The notion of costly deleveraging and growing numbers of distressed properties make for a grim outlook for access to capital for South Florida commercial deals in 2010.
Most analysts predict commercial real estate vacancies will continue to rise while rents decrease across South Florida. Many expect the market to hit bottom this year.
According to a 2010 emerging trends in real estate report by PricewaterhouseCoopers and the Urban Land Institute, 2010 and 2011 will present generational opportunities for investors to buy at near cyclical lows, nationally and in South Florida. Access to capital remains a critical factor.
Vanessa Grout is vice president for acquisitions at New Valley, a Miami-based subsidiary of Vector Group with $250 million ready to spend on South Florida distressed properties. She said she expects banks to loosen up in 2010.
“I see an opportunity to fill in some of the gaps in the capital
structure that are created by stricter lending requirements when the
debt matures or becomes troubled,” Grout said. “In situations where the borrowers are still in the project, the debt coverage is thin and very close to triggering lock box covenants.”
In that scenario, the lender would require that all property revenue be directed to [the lenders’] control. Grout said current property owners in this situation remain concerned about the near future.
“Investors will urge more deals to close if they are able to structure
a deal with low interest rates and a purchase price just below book
value while allowing the bank to have a limited equity position once the asset is sold,” Grout said. “Land will continue to decline in value but most banks with the ability will hold the prime pieces.”

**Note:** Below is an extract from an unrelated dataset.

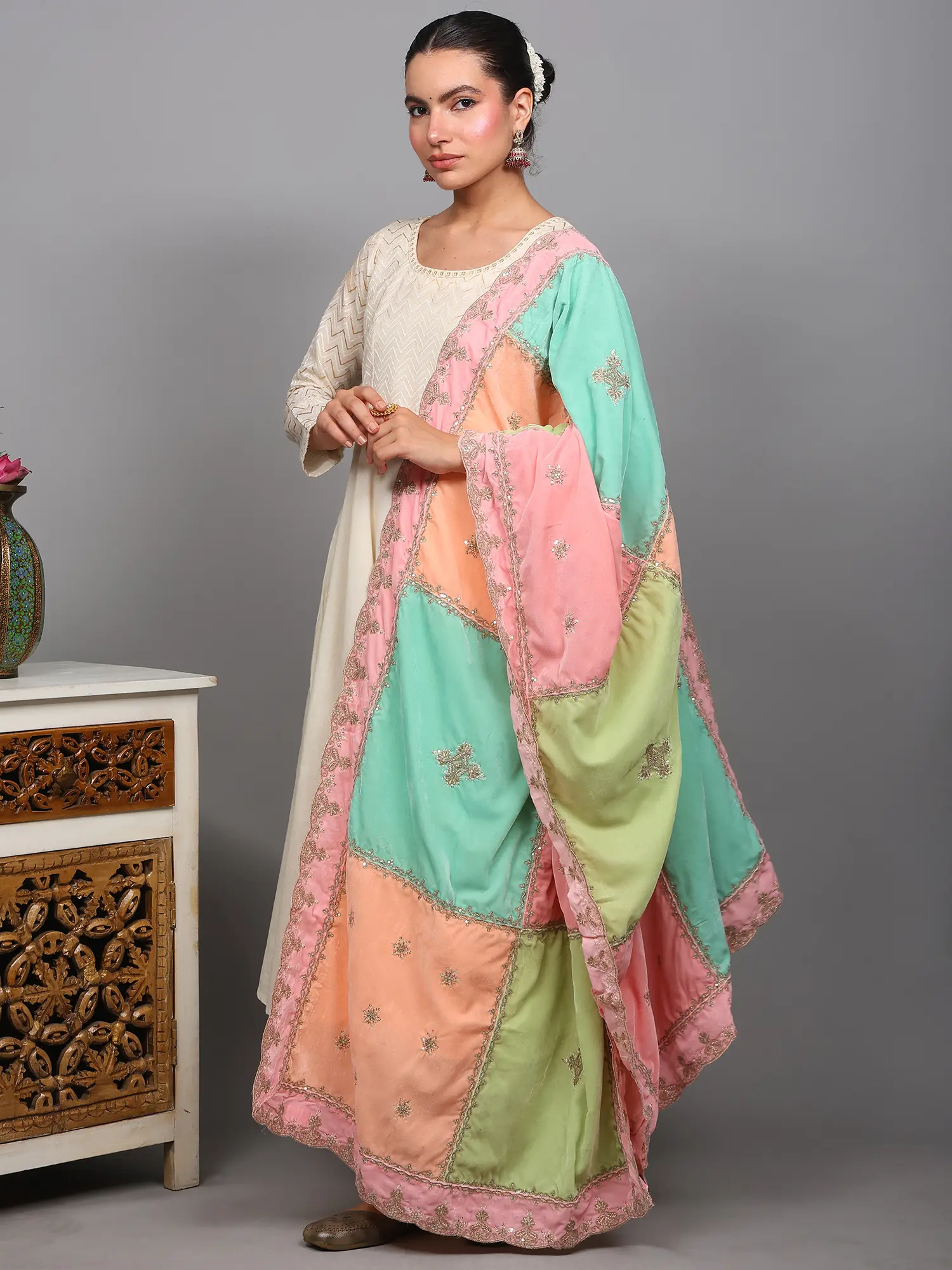 Multicolor Patch Work Velvet Dupatta with Sequins-Zardozi Embroidery and Scalloped Border

Gavin Campbell, managing principal of Steelbridge Capital, a
privately-held, real estate investment company in Miami, said most
markets are at or near bottom from an operational perspective. Still, sales values are not fully at bottom. He expects prices to continue sliding in many submarkets and subsectors in the face of extremely limited debt.
“Debt capital will continue to be scarce, although 2010 will be a
remarkable improvement over 2009, with insurance companies leading the way,” Campbell said. “Private investors, including high net worth [individuals] and hedge fund-private equity firms with local expertise will be the most active. Institutional investors are still on the sidelines.”
According to the Emerging Trends report, investors believe capital
will slowly begin to flow back into commercial real estate markets throughout the country by the end of 2010, led by all cash investors seeking quality assets. The debt markets will start to rebound too, the report predicts, but remain “far from normalized” in the wake of unprecedented deleveraging.
All this means that any lending will be conservative, expensive, and extended only to the most-favored banking relationships.
According to the report, REITs, including ones that are comprised of refashioned mortgage pools and private equity funds will start to provide loans to battered borrowers but at a steep price.
Tim Conlon, partner and U.S. real estate sector leader at PricewaterhouseCoopers, said only cash buyers will benefit from the emerging opportunities.
“Investors will need to be patient and transaction trigger points will
be improving job numbers, visibility into asset pricing and stepped-up tenant deals,” Conlon said. “Equity investors will need to focus on quality assets and expect to hold for at least a five- to seven-year period during the recovery, allowing fundamentals to slowly improve.”